◆ Exercise brief:
Taking the entries below, transcribe only the lines starting with the one with "Assuming n1 = 1" and going on through the one with "Two women doing", exactly as written, without the pictures.

◆ Exercise materials:
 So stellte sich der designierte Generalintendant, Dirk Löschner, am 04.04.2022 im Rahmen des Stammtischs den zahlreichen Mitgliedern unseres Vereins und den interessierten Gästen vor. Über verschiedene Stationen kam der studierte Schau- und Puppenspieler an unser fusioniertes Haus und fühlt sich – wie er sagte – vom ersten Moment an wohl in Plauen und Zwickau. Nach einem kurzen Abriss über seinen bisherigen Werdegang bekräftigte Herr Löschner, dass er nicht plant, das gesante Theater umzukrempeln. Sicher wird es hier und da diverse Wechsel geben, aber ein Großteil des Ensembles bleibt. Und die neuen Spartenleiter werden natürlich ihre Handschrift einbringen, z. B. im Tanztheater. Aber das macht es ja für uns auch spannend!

* * *

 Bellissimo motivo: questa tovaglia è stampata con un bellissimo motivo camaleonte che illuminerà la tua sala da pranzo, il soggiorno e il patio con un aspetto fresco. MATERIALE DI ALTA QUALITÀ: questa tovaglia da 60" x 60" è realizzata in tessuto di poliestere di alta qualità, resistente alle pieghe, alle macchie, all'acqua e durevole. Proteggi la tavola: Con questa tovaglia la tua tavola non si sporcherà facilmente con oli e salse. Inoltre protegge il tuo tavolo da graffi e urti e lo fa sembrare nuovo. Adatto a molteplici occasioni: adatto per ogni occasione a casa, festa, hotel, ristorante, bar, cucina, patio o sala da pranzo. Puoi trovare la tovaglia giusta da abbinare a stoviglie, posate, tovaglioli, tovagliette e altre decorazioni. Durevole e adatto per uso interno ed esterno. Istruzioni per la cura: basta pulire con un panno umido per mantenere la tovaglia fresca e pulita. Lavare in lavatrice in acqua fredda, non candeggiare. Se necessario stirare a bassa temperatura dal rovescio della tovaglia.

--

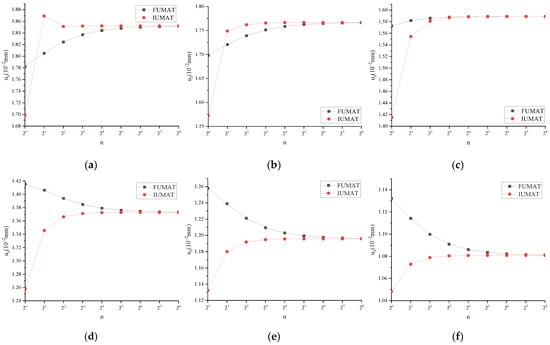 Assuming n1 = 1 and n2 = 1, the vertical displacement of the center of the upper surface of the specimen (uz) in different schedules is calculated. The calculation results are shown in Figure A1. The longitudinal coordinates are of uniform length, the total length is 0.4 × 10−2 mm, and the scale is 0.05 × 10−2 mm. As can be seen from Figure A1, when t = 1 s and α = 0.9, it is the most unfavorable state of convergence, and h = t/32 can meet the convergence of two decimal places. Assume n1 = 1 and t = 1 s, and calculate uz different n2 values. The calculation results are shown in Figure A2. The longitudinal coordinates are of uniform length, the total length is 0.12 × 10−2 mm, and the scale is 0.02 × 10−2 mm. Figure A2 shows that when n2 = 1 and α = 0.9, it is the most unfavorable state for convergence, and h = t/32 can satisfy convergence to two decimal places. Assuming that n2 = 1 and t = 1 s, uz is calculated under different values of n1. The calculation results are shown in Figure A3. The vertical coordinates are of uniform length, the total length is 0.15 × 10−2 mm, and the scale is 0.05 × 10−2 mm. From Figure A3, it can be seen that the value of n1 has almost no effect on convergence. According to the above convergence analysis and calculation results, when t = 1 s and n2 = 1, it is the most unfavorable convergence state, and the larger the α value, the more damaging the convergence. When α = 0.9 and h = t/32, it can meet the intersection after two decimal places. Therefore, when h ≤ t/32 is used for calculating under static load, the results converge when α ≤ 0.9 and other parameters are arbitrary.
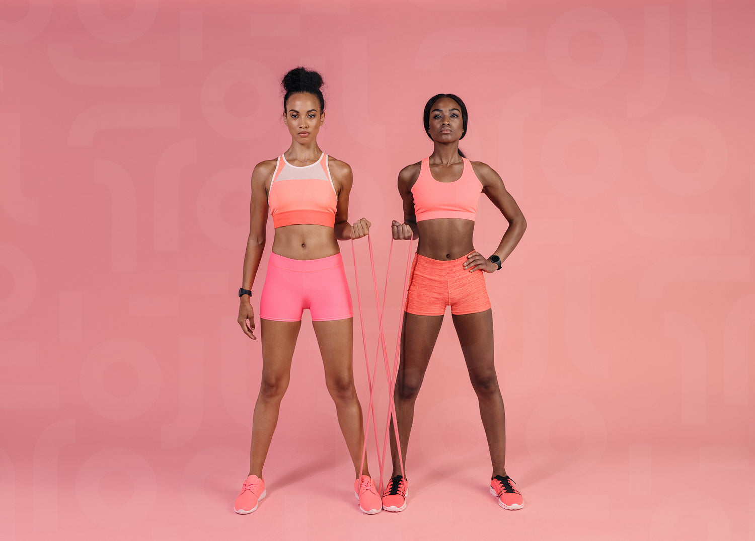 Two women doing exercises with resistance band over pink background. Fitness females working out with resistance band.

◆ Your response:
 Assuming n1 = 1 and n2 = 1, the vertical displacement of the center of the upper surface of the specimen (uz) in different schedules is calculated. The calculation results are shown in Figure A1. The longitudinal coordinates are of uniform length, the total length is 0.4 × 10−2 mm, and the scale is 0.05 × 10−2 mm. As can be seen from Figure A1, when t = 1 s and α = 0.9, it is the most unfavorable state of convergence, and h = t/32 can meet the convergence of two decimal places. Assume n1 = 1 and t = 1 s, and calculate uz different n2 values. The calculation results are shown in Figure A2. The longitudinal coordinates are of uniform length, the total length is 0.12 × 10−2 mm, and the scale is 0.02 × 10−2 mm. Figure A2 shows that when n2 = 1 and α = 0.9, it is the most unfavorable state for convergence, and h = t/32 can satisfy convergence to two decimal places. Assuming that n2 = 1 and t = 1 s, uz is calculated under different values of n1. The calculation results are shown in Figure A3. The vertical coordinates are of uniform length, the total length is 0.15 × 10−2 mm, and the scale is 0.05 × 10−2 mm. From Figure A3, it can be seen that the value of n1 has almost no effect on convergence. According to the above convergence analysis and calculation results, when t = 1 s and n2 = 1, it is the most unfavorable convergence state, and the larger the α value, the more damaging the convergence. When α = 0.9 and h = t/32, it can meet the intersection after two decimal places. Therefore, when h ≤ t/32 is used for calculating under static load, the results converge when α ≤ 0.9 and other parameters are arbitrary.
 Two women doing exercises with resistance band over pink background. Fitness females working out with resistance band.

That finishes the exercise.